───── Input data ─────

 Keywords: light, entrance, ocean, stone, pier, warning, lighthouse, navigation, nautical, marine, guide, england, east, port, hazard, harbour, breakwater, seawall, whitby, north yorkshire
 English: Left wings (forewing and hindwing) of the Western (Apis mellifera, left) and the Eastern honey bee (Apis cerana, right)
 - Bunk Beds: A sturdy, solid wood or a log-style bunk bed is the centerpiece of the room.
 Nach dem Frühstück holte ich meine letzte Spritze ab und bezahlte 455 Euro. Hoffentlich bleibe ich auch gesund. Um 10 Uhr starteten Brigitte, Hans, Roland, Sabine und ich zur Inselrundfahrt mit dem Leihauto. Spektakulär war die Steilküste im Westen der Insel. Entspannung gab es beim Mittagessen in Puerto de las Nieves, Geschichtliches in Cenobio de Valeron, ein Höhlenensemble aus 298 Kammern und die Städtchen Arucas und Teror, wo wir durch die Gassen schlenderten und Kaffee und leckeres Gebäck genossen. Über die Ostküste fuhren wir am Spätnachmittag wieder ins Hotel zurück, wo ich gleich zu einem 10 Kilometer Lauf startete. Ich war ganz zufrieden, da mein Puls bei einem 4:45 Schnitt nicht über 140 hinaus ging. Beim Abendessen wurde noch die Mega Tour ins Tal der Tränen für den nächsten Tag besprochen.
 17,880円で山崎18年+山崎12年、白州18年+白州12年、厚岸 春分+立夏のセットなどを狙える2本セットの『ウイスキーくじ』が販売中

─────
───── Input data ─────

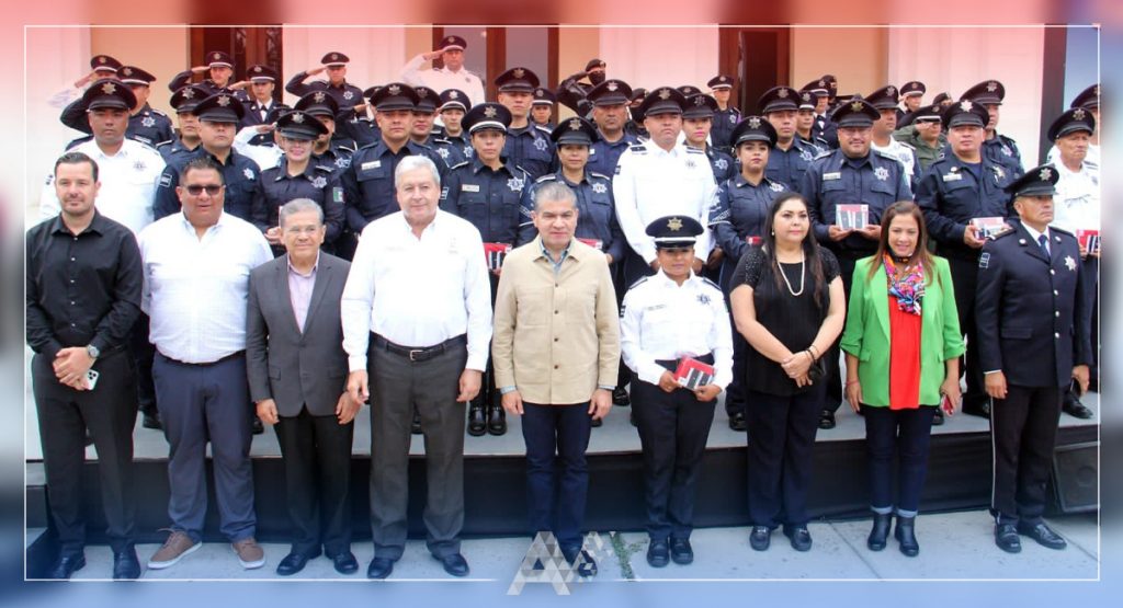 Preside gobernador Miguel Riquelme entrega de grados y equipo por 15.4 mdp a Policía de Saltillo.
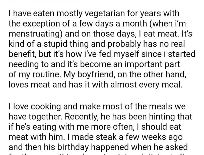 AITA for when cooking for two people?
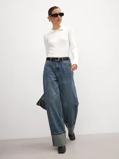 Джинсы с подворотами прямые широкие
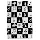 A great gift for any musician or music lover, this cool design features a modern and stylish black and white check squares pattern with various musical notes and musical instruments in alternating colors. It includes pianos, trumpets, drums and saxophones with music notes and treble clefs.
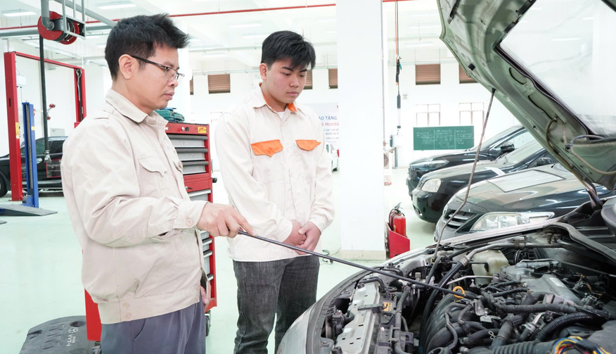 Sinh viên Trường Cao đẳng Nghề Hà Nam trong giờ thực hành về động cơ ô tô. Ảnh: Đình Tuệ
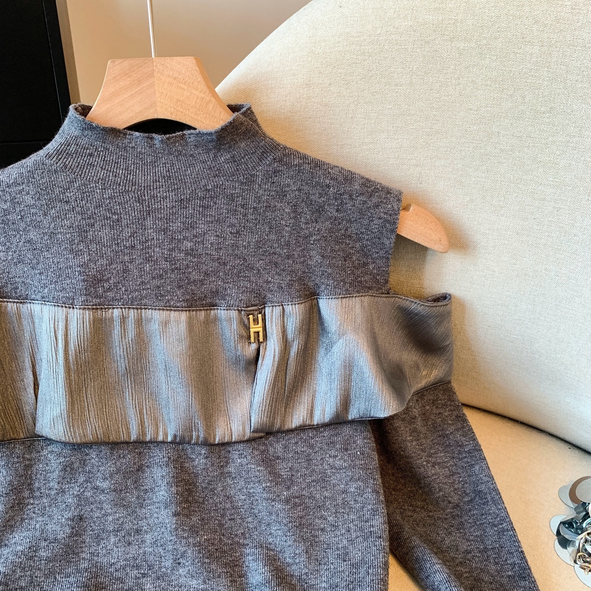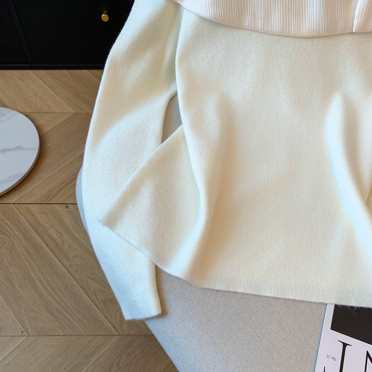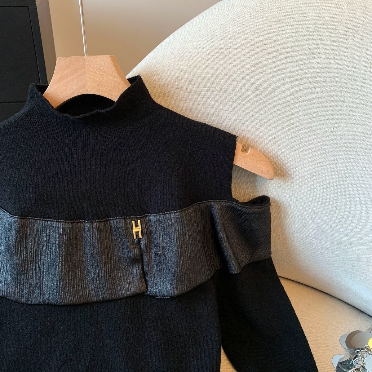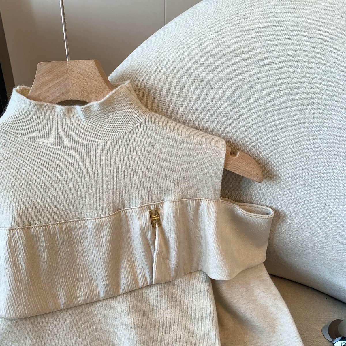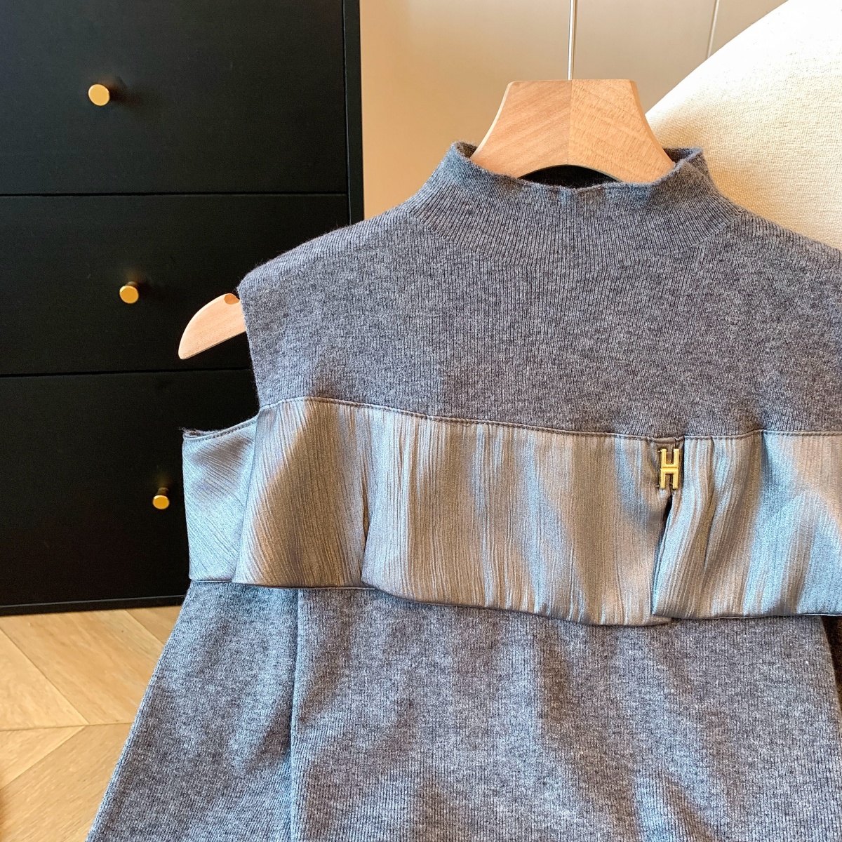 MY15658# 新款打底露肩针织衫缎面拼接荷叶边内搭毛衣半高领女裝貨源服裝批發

─────
───── Input data ─────

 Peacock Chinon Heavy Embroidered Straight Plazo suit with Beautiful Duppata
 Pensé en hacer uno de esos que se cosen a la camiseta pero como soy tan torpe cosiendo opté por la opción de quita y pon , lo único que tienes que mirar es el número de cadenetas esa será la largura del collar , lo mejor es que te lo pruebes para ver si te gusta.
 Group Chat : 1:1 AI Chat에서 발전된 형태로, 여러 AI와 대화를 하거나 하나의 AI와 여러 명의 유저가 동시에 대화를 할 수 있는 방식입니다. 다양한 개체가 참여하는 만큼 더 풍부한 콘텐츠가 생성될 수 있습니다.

─────

Exercise objective | Your copy should hold only the lines above from the one containing "Sinh viên Trường" through the one containing "MY15658# 新款打底露", exactly as written and free of pictures.

Output of the task |
 Sinh viên Trường Cao đẳng Nghề Hà Nam trong giờ thực hành về động cơ ô tô. Ảnh: Đình Tuệ
 MY15658# 新款打底露肩针织衫缎面拼接荷叶边内搭毛衣半高领女裝貨源服裝批發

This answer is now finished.